03-03-2017 10:29 AM
I have a question regarding the Floating-Point IP 7.1 core and the latency parameter for the multiplication and division.
My question is actually very similar to this older post:
where the poster states his/her skepticism towards the possibility of implementing, say a division with a 0 latency and few resources.
I understand that many improvements have been done in FPGA architecture since the question was posted in 2011 but I am still curious of the feasibility of a full design with these cores.
I have great interest in having several mathematical operations calculated on the FPGA and I have previously always used fixed point logic to save resources and satisfy the precision need of each operation.
Nevertheless, late requirements are making me reconsider using floating point and therefore I am curious of how realistic is to have a design on an FPGA with 15+ divisions and 15+ multiplications, with double precision and 0 latency (combinational only) using the 7.1 IP core. I am actually more interested in having a low latency than a high throughput.
What are the costs, if actually possible, of using 0 latency?
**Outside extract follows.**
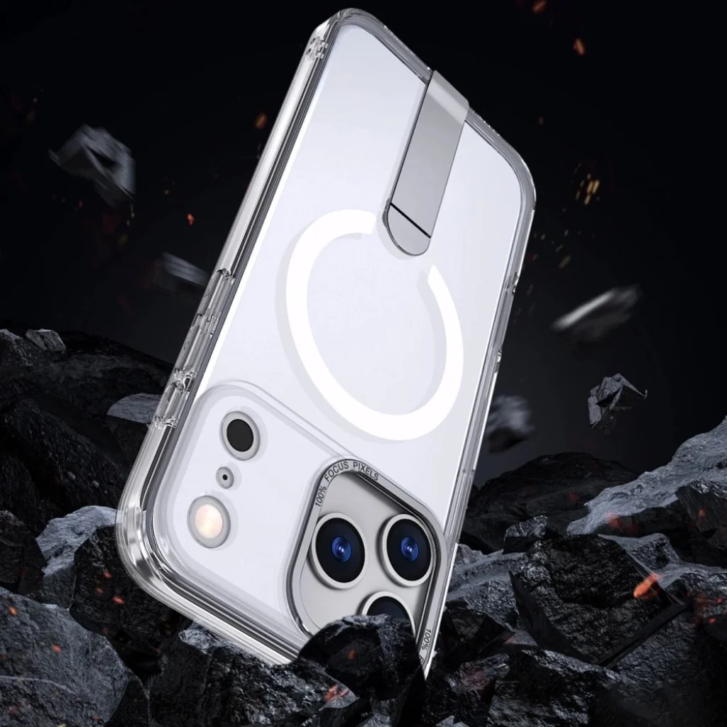 ~ Teljesen kompatibilis a MagSafe-rendszerrel A beépített mágneses gyűrű stabil csatlakozást biztosít a MagSafe tartókhoz és töltőkhöz. Kettős anyagszerkezet a védelemért Az erős akril és a rugalmas TPU kombinációja hatékonyan védi a készüléket a mechanikai károsodások ellen. Beépített 360°-os állvány Az állítható állvány lehetővé teszi a kényelmes filmnézést, videobeszélgetéseket és az alkalmazásokkal való munkát. Ellenálló a karcolásokkal és kopással szemben Az akril hátlap kopásálló és segít a tok tiszta megjelenésének hosszú távú megőrzésében. Illeszkedik a Samsung Galaxy S26 Plus-hoz A precíz kivitelezés biztosítja a szabad hozzáférést a telefon összes portjához és gombjához.

If cost was not a problem and therefore the FPGA size and resources as well, using a xc7vx690 for example, will my max clock freq be limited to a really low value?
Will the resource consumption increase so much that it wont fit in the FPGA?
I am assuming that given that the selection of 0 latency for the division is possible on the IP core GUI.
Also that the post synthesis functional simulation is working properly for a simple example.
But I don't want to continue with the full design before having a better overview of limitations I will run into.
Ive read several papers (older) papers on low latency division on an FPGA that normally have 1-2 clock cycles latency and Ive searched through the whole IPcore documentation but there doesn't seem to be any information discouraging me from this doing it.
I thought Id post this here as my last filter before proceeding with the full design and simulation using these 0 latency operations.
03-03-2017 11:04 AM
@humtm low latency divider will be quite slow. It's quite easy to generate each kind of IP you need and implement them independently to get an estimate for the size and delay. Probably can be accomplished in less than an hour. Division is quite a sequential process and it's difficult to improve on it too much and it doesn't even benefit from DSP blocks.
03-05-2017 02:28 AM
I suspect that it'd make more sense to have a sequential divider clocked far higher than the "base" IP. Much lower resource usage, and probably a similar speed.
The combinational one may well have "zero-cycle latency", but when it can only pass timing at 5MHz it would be more correct to say "200ns latency". The sequential might take twenty cycles to run, but if the vastly reduced amount of work per clock cycle means it can run at 100MHz then you end up with the same 200ns latency.
03-06-2017 02:13 PM
a sequential divider with "Much lower resource usage" would be an iterative one so in addition to having a large latency, it would also have a large "initiation interval" ie non-pipelineable so one can only start and complete a new division every N cycles. A pipelined divider would have the same resource usage as a "zero latency" divider (ie quite large) but one can start a new division every cycle and after the initial pipeline fill, one gets a new result every cycle. I think it's important to note this distinction.